Blood samples were collected during the fasting state for the health examination surveys. After collection, the samples were promptly refrigerated and transported to the designated central laboratory (NeoDin Medical Institute, Seoul, Korea). Serum 25(OH)D levels were measured using a radioimmunoassay kit (DiaSorin Inc., Stillwater, MN, USA) with a 1470 WIZARD gamma–counter (PerkinElmer, Finland). Serum hemoglobin levels were measured using an SLS hemoglobin (NoCyanide) method with the XE-2100D (Sysmex, Tokyo, Japan). Anemia was defined as serum hemoglobin <13 g/dL in men and <12 g/dL in women according to the World Health Organization criteria [21]. Other blood tests were also performed to evaluate the levels of iron, total iron-binding capacity, cholesterol, triglyceride, and creatinine with a Hitachi Automatic Analyzer 7600 (Hitachi, Tokyo, Japan). The level of serum ferritin was measured by a 1470 WIZARD gamma–counter (PerkinElmer, Finland). The estimated glomerular filtration rate (mL/min/1.73 m2) was calculated using the Modification of Diet in Renal Disease equation [22] and the validated coefficient for Korean subjects [23] as follows: 107.904×serum creatinine (mg/dL)−1.009×age (years)−0.02 (×0.667, if female). The seasons of blood collection were classified as spring (March to May), summer (June to August), autumn (September to November), and winter (December, January, and February).
Statistical Analysis
All of the analyses and calculations were performed using SAS version 9.2 (SAS Institute, Cary, NC, USA) and R software version 2.15.1 (The Comprehensive R Archive Network: http://cran.r-project.org). In all the analyses, the complex sampling and survey sample weights of the KNHANES were used. The data are presented as the weighted arithmetic means [standard error (SE)] for continuous variables and the weighted proportions (SE) for categorical variables. Based on variable distribution using histograms, the levels of ferritin, cholesterol, triglyceride, and the daily iron intake were non-normally distributed; therefore, these variables were natural log transformed, and the weighted geometric means (SE) were calculated. The baseline characteristics between anemia and non-anemia groups were compared using the generalized linear model for continuous variables and the Pearson’s chi-squared test for categorical variables, respectively.

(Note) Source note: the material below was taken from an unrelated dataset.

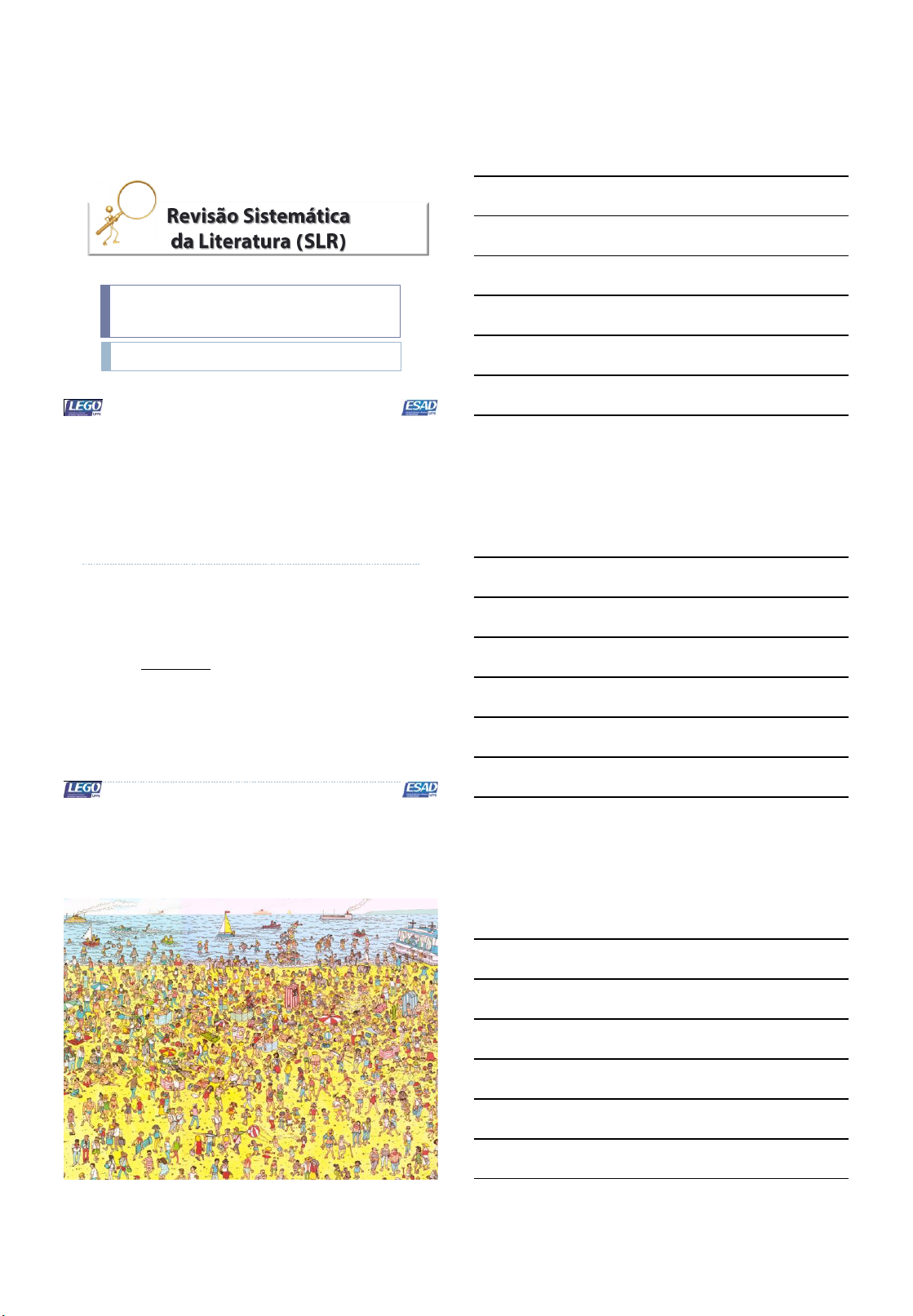13/10/2012 1 I Capacitação em Metodologia da Pesquisa Científica Prof. Miguel Isoni Filho João Pessoa Outubro 2012 Roteiro da aula I Capacitação em Metodologia da Pesquisa Científica Introdução Métodos de SLR (1) Narrative Review (2) Descriptive Review (3) Vote Counting (4) Meta-analysis Procedimentos extras (1) Avaliação da qualidade (2) Análise de redes sociais (ARS) Exemplo de SLR: limitação digital Resumo e sugestões. 13/10/2012 2 Introdução Revisão sistemática de literatura (systematic literature review – SLR) é o pilar da prática baseada em evidências de literatura especializada (DYBÅ; DINGSØYR, 2008) Diante da literatura em crescimento, cujo conhecimento encontra-se inexplorado, a SLR merece maior prioridade que a adição de um novo experimento ou survey (Glass, 1976) I Capacitação em Metodologia da Pesquisa Científica Destaca-se que uma tendência recente na revisão de literatura é integrar e caracterizar um conjunto de definições, diferenças e relações entre conceitos, resultando em um modelo de referência para implicações em investigações acadêmico-científica ou implicações práticas. Introdução [FATOS] Há estudos em Sistema de Informação (SI), em torno de 7%, que já utilizam SLR como a metodologia de pesquisa (KING; HE, 2005). A SLR segue como um método importante em SI, especialmente devido aos inúmeros estudos que vem sido desenvolvidos nos últimos anos sobre o modelo de aceitação de tecnologia – (Technology Acceptance Model – TAM), em pró da investigação da inter/multidisciplinaridade de uma determinada área do conhecimento. No entando, a investigação em SI (assim como ocorre em outros campos maduros) apresenta um problema: incosistentes concluções de cunho empírico sobre essencialmente o mesmo questionamento de pesquisa. I Capacitação em Metodologia da Pesquisa Científica Métodos de SLR O acúmulo de conhecimentos depende cada vez mais da integração entre estudos anteriores e a descoberta empíricas (KING; HE, 2005). Pesquisadores podem usar uma série de técnicas para fazer sentido a uma literatura, com o propósito de lançar resultados atuais de pesquisa sobre contextos e explicações contraditórias sobre a mesma temática (RUMRILL; FITZGERALD, 2001) I Capacitação em Metodologia da Pesquisa Científica Há uma gama de estudos que dicotomizam os métodos de SLR entre as abordagens quantitativas e qualitativas. 13/10/2012 3 Métodos de SLR I Capacitação em Metodologia da Pesquisa Científica Esta abordagem pode ser excessivamente simplista pelo fato das técnicas variarem no grau de revisão sistemática de um corpo literatura existente, que vai desde puramente qualitativa a moderadamente quantitativa para puramente quantitativo. Métodos de SLR Narrative Review Apresentam descrições verbais sobre estudos publicados, a partir da junção de teorias, modelos e seus fatores elementares (preditor, moderador ou mediador), além de resultados de pesquisa. OBJETIVO: Postular ou avançar novas teorias e modelos (olhar exploratório), além analisar temas importante e/ou controversos. I Capacitação em Metodologia da Pesquisa Científica Pela falta do rigor metodológico, com base em um protocolo de pesquisa, ao realizar uma revisão narrativa, os pesquisadores tendem a consciente ou inconscientemente fazer julgamentos que suportam seu próprio plano de fundo. Métodos de SLR Descriptive Review A revisão descritiva segue a finalidade de introduzir certa quantificação da literatura investigada, vezes guinada por uma análise de distribuição de frequência de um corpo de categorias de análise (KING; HE, 2005). Objetivo: descobrir em que medida a literatura existente suporta uma proposição teórica ou revela algo relativo à configuração da pesquisa. I Capacitação em Metodologia da Pesquisa Científica teoria fundamentada metodologia de pesquisa abordagem principal resultados simbólicos de pesquisa CATEGORIAS DE ANÁLISE 13/10/2012 4 Métodos de SLR Vote Counting Pesquisadores classificam esse método como sendo uma revisão moderadamente quantitativo, pelo fato de não se preocupar em analisar o efeito de tamanhos e a confiabilidade dos estudos Uso simples e conveniente. Objetivo: fazer inferências qualitativas sobre o foco dos estudos revisados (ex. interpretar as magnitudes das correlações) por intermédio da análise comparativa e analítica entre os estudos. I Capacitação em Metodologia da Pesquisa Científica Este método faz uso de resultados, especialmente, providos da significância dos testes de hipóteses, proporcionados a partir da análise do p-valor. Métodos de SLR Meta-analysis [“Análise das análises”] Tendência mais recente nas SLR em SI. Mais comumente método utilizado na síntese quantitativa de pesquisas nas ciências sociais e comportamentais. Objetivo: fornecer uma oportunidade alternativa de melhor visualização do contexto de pesquisa em questão, combinando e analisando resultados quantitativos de estudos empíricos (GLASS, 1976), a fim de dar sentido à literatura em rápida evolução. I Capacitação em Metodologia da Pesquisa Científica Métodos de SLR Características gerais da meta-análise Menos crítico e subjetivo do que outros métodos. Configurado como sendo de confirmação da natureza. Sintonizado fortemente com a tradição positivista. Concentração em dados, operacionalização de variáveis. Resultado global mais preciso e confiável. I Capacitação em Metodologia da Pesquisa Científica Nos últimos anos, meta-análise adiquiriu certa reputação, especialmente nos campos das ciências ciências sociais e comportamentais (FIELD, 2001). Exemplo: Alguns journals revisaram suas políticas editoriais de publicação a fim de incentivar o uso de meta-análise - Academy of Management Journal, desde 2002. 13/10/2012 5 Métodos de SLR Preocupações com a meta-análise Mesmo sendo potencialmente eficaz, em muitas áreas do conhecimen

The lowess (locally weighted smoothing) regression curve on a scatter plot between serum 25(OH)D and hemoglobin levels was used for predicting the simple relationship of both variables. The correlation coefficient (r) was measure using the Pearson’s correlation method. Then, generalized additive models (GAMs) for Gaussian distributions were adapted to visualize the associations between serum 25(OH)D and hemoglobin levels after adjustment for potential confounders, including age, sex, smoking, exercise, hypertension, diabetes mellitus, cardiovascular disease, body mass index, season, ferritin, iron, total iron-binding capacity, cholesterol, triglyceride, estimated glomerular filtration rate, and daily iron intake [24]. When a non-linear relationship was observed, piecewise linear regression models were employed to estimate the threshold point of the serum 25(OH)D level related to the serum hemoglobin level [25]. We used Akaike’s information criterion (AIC) as a primary measure of model fit. In AIC, lower scores within the data set indicate a better model fit [26]. A 25(OH)D threshold point was chosen based on the best fit determined by AIC among the models, with 25(OH)D threshold levels that differed in increments of 0.2. We then plotted the threshold level on the GAM model.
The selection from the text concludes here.